**Directions for this task**
Give back every record word for word, keeping the pictures out.

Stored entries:
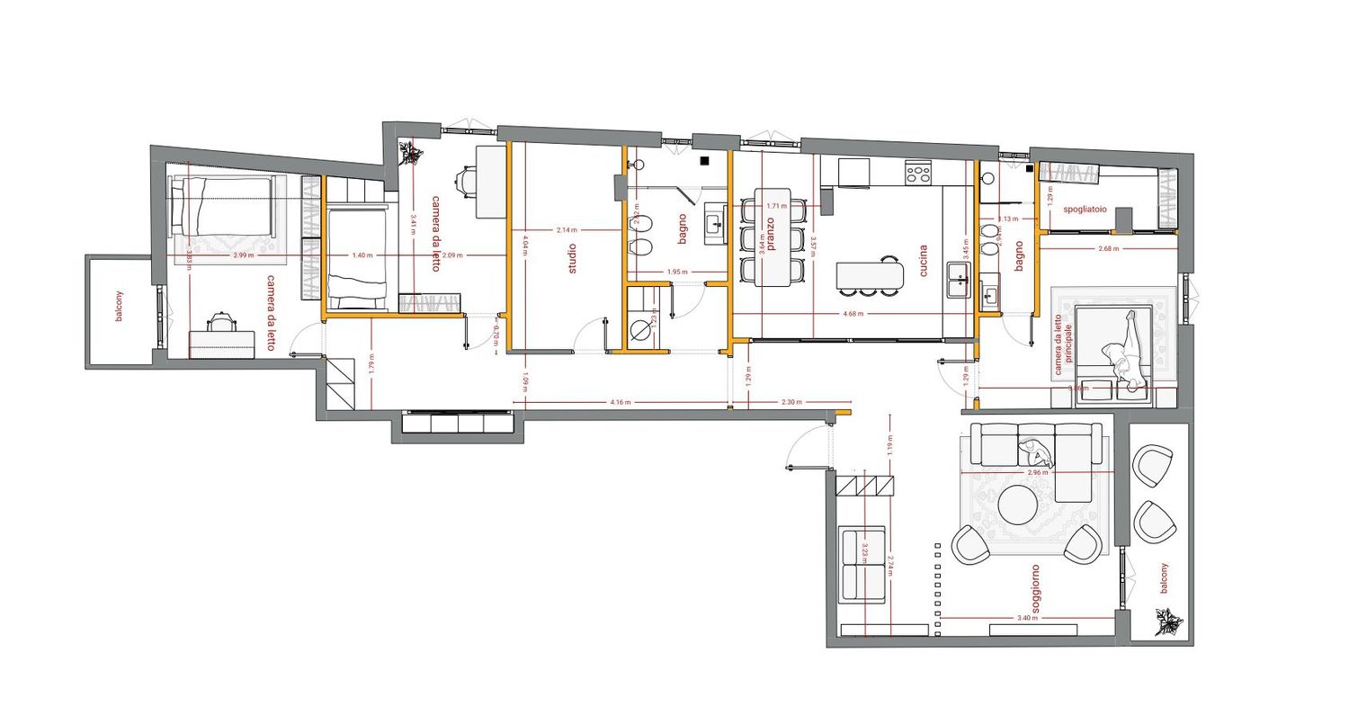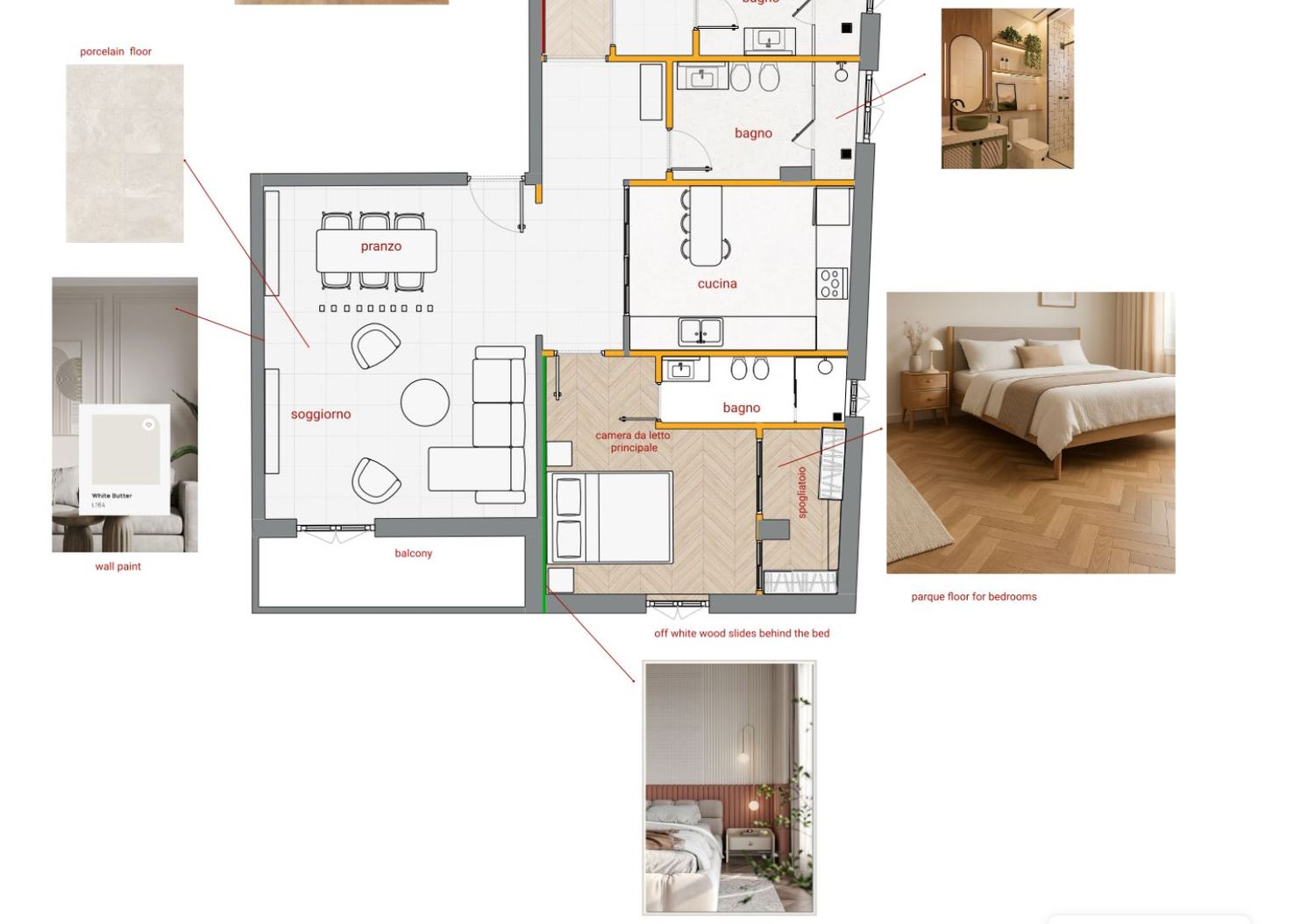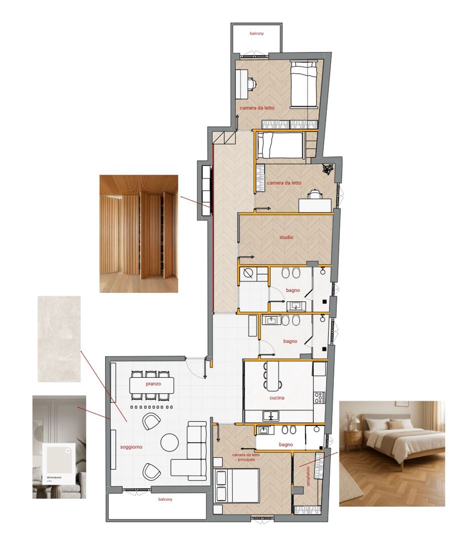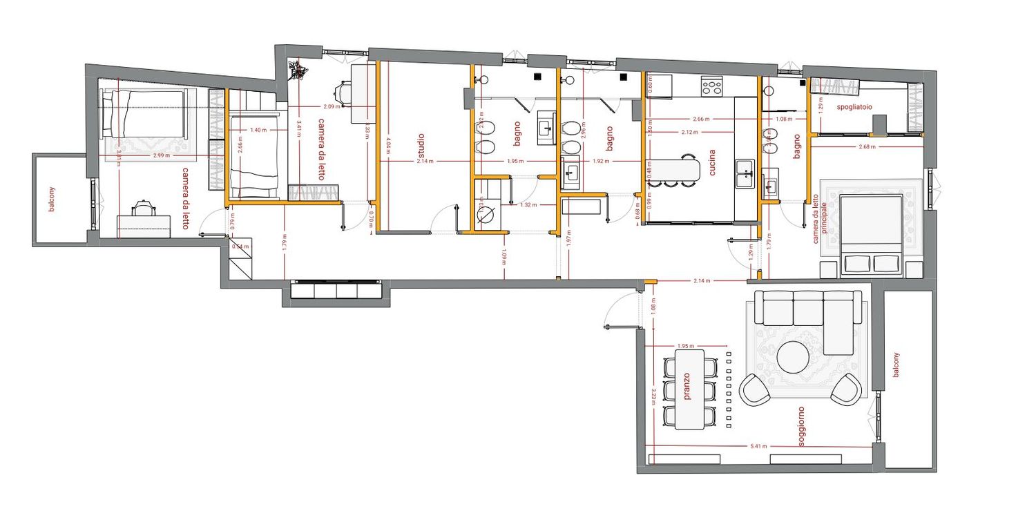 La camera matrimoniale è stata collocata accanto alla cucina, mentre un arco conduce alla zona dedicata alle camere dei bambini e allo studio, creando una chiara distinzione tra gli spazi. In questa proposta sono stati aggiunti due bagni, oltre al bagno en-suite della camera matrimoniale.
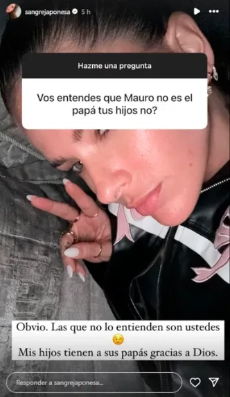 Sin filtros, una usuaria le preguntó: “¿Entendés que Mauro no es el papá de tus hijos?”, a lo que la intérprete respondió sin vueltas y hasta un tanto molesta: “Obvio. Las que no lo entienden son ustedes. Mis hijos tienen a sus papás, gracias a Dios”.
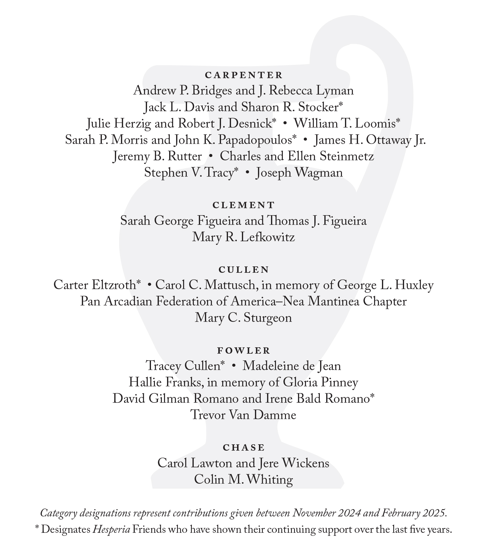 Contributions are welcome in any amount and are tax deductible. Levels of giving are named after some of the ASCSA’s past editors: McAllister: $25, Chase: $50, Fowler: $100, Cullen: $250, Clement: $500, Capps: $750, Carpenter: $1,000, Meritt: $2,500, Shoe: $5,000, Pierce Blegen: $10,000.
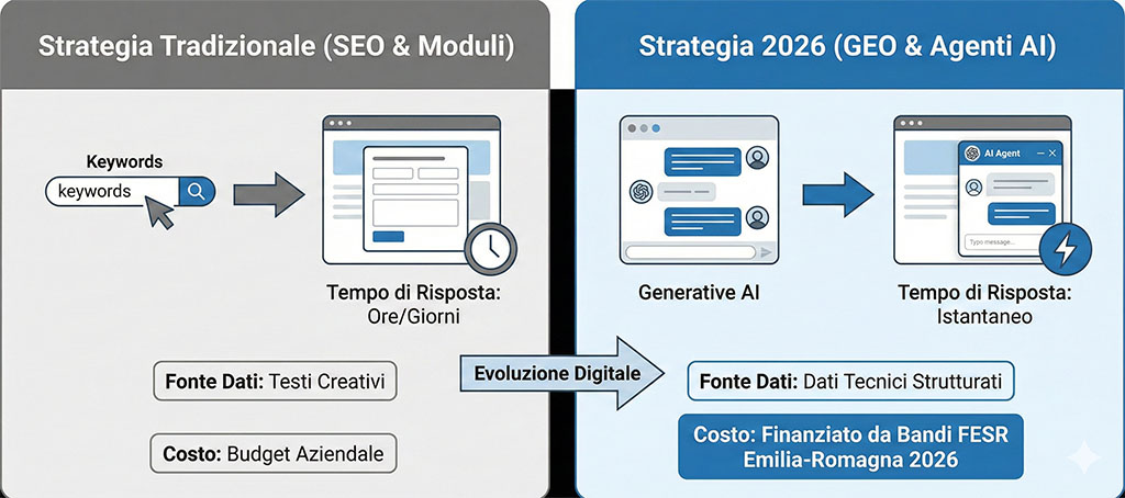 Il mercato digitale di gennaio 2026 richiede alle aziende bolognesi un cambio di passo. Non basta più “esserci”, occorre farsi trovare dai nuovi sistemi di ricerca e rispondere ai clienti in tempo reale. Due sono i pilastri tecnologici di questo momento: la GEO (Generative Engine Optimization) e gli Agenti AI. Ma la vera notizia per le imprese del territorio è la disponibilità di finanziamenti specifici che coprono gran parte di questi investimenti.
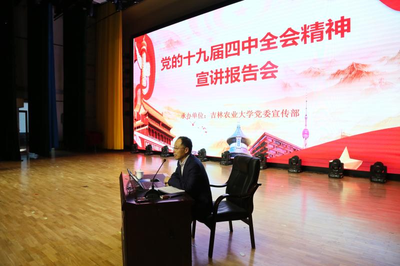 为深入学习宣传贯彻党的十九届四中全会精神,12月4日,学校在鲲鹏学生文化活动中心举办了党的十九届四中全会精神宣讲报告会。报告会邀请省委宣讲团成员,吉林省社会科学院副院长史守林教授作了题为《学习党的十九届四中全会精神》的宣讲报告。学校领导班子成员出席报告会。报告会由校党委副书记徐文生主持。

**Task answer**
 La camera matrimoniale è stata collocata accanto alla cucina, mentre un arco conduce alla zona dedicata alle camere dei bambini e allo studio, creando una chiara distinzione tra gli spazi. In questa proposta sono stati aggiunti due bagni, oltre al bagno en-suite della camera matrimoniale.
 Sin filtros, una usuaria le preguntó: “¿Entendés que Mauro no es el papá de tus hijos?”, a lo que la intérprete respondió sin vueltas y hasta un tanto molesta: “Obvio. Las que no lo entienden son ustedes. Mis hijos tienen a sus papás, gracias a Dios”.
 Contributions are welcome in any amount and are tax deductible. Levels of giving are named after some of the ASCSA’s past editors: McAllister: $25, Chase: $50, Fowler: $100, Cullen: $250, Clement: $500, Capps: $750, Carpenter: $1,000, Meritt: $2,500, Shoe: $5,000, Pierce Blegen: $10,000.
 Il mercato digitale di gennaio 2026 richiede alle aziende bolognesi un cambio di passo. Non basta più “esserci”, occorre farsi trovare dai nuovi sistemi di ricerca e rispondere ai clienti in tempo reale. Due sono i pilastri tecnologici di questo momento: la GEO (Generative Engine Optimization) e gli Agenti AI. Ma la vera notizia per le imprese del territorio è la disponibilità di finanziamenti specifici che coprono gran parte di questi investimenti.
 为深入学习宣传贯彻党的十九届四中全会精神,12月4日,学校在鲲鹏学生文化活动中心举办了党的十九届四中全会精神宣讲报告会。报告会邀请省委宣讲团成员,吉林省社会科学院副院长史守林教授作了题为《学习党的十九届四中全会精神》的宣讲报告。学校领导班子成员出席报告会。报告会由校党委副书记徐文生主持。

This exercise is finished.